Nel caso di specie, la Commissione Tributaria Regionale della Puglia ha annullato avvisi di accertamento sintetico, ex art. 38 comma 4 D.P.R. n. 600/73, per Irpef anni 2007 e 2008, avendo ritenuto dimostrata la residenza fin dal 2006 nel Regno Unito, dove il contribuente svolgeva la propria attività lavorativa, pagando le relative imposte.
Ad avviso degli Ermellini il ricorso erariale è fondato.
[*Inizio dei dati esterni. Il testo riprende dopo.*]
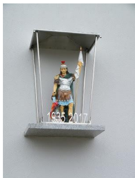
Figurka Św. Floriana

I soggetti residenti fiscalmente in Italia devono inserire nella propria dichiarazione anche i redditi esteri che ottengono durante il periodo d'imposta. Ai sensi dell’art. 3 del TUIR, «L'imposta si applica sul reddito complessivo del soggetto, formato per i residenti da tutti i redditi posseduti al netto degli oneri deducibili indicati nell'articolo 10 […] e per i non residenti soltanto da quelli prodotti nel territorio dello Stato». L’art. 2 del TUIR dispone che: «ai fini delle imposte sui redditi, si considerano residenti le persone che per la maggior parte del periodo d'imposta sono iscritte nelle Anagrafi della Popolazione Residente o hanno nel territorio dello Stato il domicilio o la residenza ai sensi del Codice Civile». In ragione di quanto indicato dalle norme citate, i soggetti residenti fiscalmente nel territorio dello Stato sono tassati per i redditi ovunque prodotti.